It was 20 years ago today when Magic Johnson stunned the sports world by announcing that he had the virus that causes AIDS.
At the time of Johnson's Nov. 7, 1991 announcement, his long-term prognosis was uncertain. It was thought the vibrant, energetic and ever-smiling basketball star's health would decline, possibly resulting in the death of one of the NBA's most beloved stars.
Johnson wasted no time at the news conference. After greeting reporters packed in the room at the Great Western Forum, he said the words that took some time to process.
"Because of the HIV virus that I have attained, I will have to retire from the Lakers today," Johnson said as he stood behind a podium microphone.
But Johnson's story became one of what it means to live with HIV.
"Thank you to all the fans across the world for 20 years of support," Johnson tweeted Monday morning.
From the moment he made the announcement, Johnson took on a new role -- promote a better understanding of HIV and AIDS. It was just 10 years before Johnson's announcement that the first cases of what would become known as AIDS were reported in Los Angeles.
"I just want to make it clear first of all I do not have the AIDS disease, I know a lot of you want to know that, but the HIV virus," Johnson said. "My wife is fine, she's negative.
"I plan on going on living for a long time. Bugging you guys like I always have."

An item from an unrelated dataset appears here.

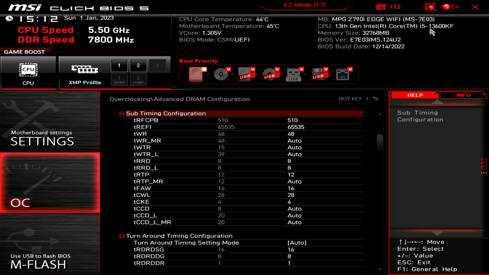 tCL34;tRCD44;tRCDW44;tRP44;tRAS58;tRFC2510;

A year after the announcement, he said he thought about making a return to the game, but said he needed to learn more about the virus. He reflected on how people often "whispered" about the virus and AIDS before his announcement, but said it already seemed like the issue was more "out in the open."
He returned to play in the 1992 NBA All-Star Game and won the MVP Award. He was a member of the 1992 Olympic "Dream Team" that won a Gold Medal.

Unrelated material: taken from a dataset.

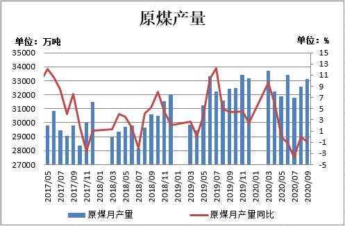 2020年9月份,全国原煤产量33107万吨,同比下降0.9%;较8月份的32581万吨增加526万吨,增长1.61%。2020年1-9月份,全国累计原煤产量278715万吨,同比下降0.1%。 进入9月份后,全国主产地安检、环保等进一步趋严,制约煤矿产能的释放,致使煤炭供应量一直呈现略显偏紧的状态。9月份全国原煤产量同比降幅较8月份有所扩大。

Johnson returned to the NBA in 1996 and played about 30 games for the Lakers.
Among Johnson's off-court achievements during the two decades since, the Magic Johnson Foundation. The group works to develop programs and support organizations that address the needs of ethnically diverse, urban communities.
Free testing for HIV and sexually transmitted disease will be available Monday at the Earvin "Magic" Johnson Recreation Area. Tests will be conducted from 10 a.m. ot 6 p.m. in mobile vans at 905 E. El Segundo Blvd. Johnson's foundation has dubbed Monday "Point Forward Day."
"Sometimes, you're a little naive about it, and it could never happen to you," Johnson said during the 1991 announcement.